Noah Lukeman, New York Literary Agent

November 1999

From The First Five Pages: A Writer’s Guide to Staying Out of the Rejection Pile, reprinted with permission of Simon & Schuster/Fireside Books, © 1999 Noah Lukeman. May not be downloaded, photocopied, distributed or excerpted without permission of the author and/or publisher

 

Chapter Three: Sound

Vigorous writing is concise. A sentence should contain no unnecessary words, a paragraph no unnecessary sentences, for the same reason that a drawing should have no unnecessary lines and a machine no unnecessary parts. This requires not that the writer make all his sentences short, or that he avoid all detail and treat his subjects only in outline, but that every word tell.

Strunk and White, The Elements of Style

This chapter forms a demarcation: the first two chapters covered ailments an agent or editor could detect based upon a surface glance at a manuscript. But to evaluate sound, even on the crudest level, the agent or editor must actually give a manuscript a surface read, enter the text, let the words, for good or for bad, ring in his head. So if you’ve made it this far in the evaulation process, you’re getting there.
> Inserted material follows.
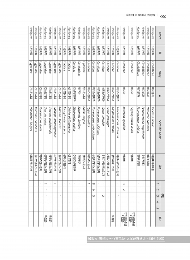 288 Order 목 Family 과 Scientific Name 국명 구간 비고 1 2 3 4 5 Hemiptera 노린재목 Cicadellidae 매미충과 Idiocerus populi 버들머리매미충 Hemiptera 노린재목 Cicadellidae 매미충과 Naratettix koreanus 띠띤매미충 Hemiptera 노린재목 Cicadellidae 매미충과 Petalocephala engelhardti 우리귀매미 Hemiptera 노린재목 Cicadellidae 매미충과 Psammotettix striatus 알락매미충 Hemiptera 노린재목 Cicadidae 매미과 Cryptotympana dubia 말매미 ...

There is a sound to prose; writing is not just about getting a story across, but also-if not mainly-about how you get there. Prose can be technically correct but rhythmically unpleasant. This is one of the distinctions between writing in general and writing as an art form. We’ve all encountered the ill-sounding sentence, most commonly found in the run-on. Technically it’s correct, but it just "sounds" wrong. If it’s easier, what I label "sound" may also be thought of as "rhythm."

Accomplished poets often make for the best writers of prose because they bring to their art years of paying close attention to the sound of language, to its rhythm, breaks, to subtle elements like alliterations and echoes. They can spend years working on just one line, and this devotion to the craft of the individual word almost always translates into immaculate prose, beautiful to hear and beautiful to read.

If you strike the right notes on a piano and let them reverberate, you will, if you listen very closely, hear the "waves" beneath the music. Musical notes do not, as most people think, ring steadily; they reverberate in tiny waves, always growing louder and softer. The same holds true of prose: beneath the text there lurks a wave of sound, one that must always be monitored, tempered.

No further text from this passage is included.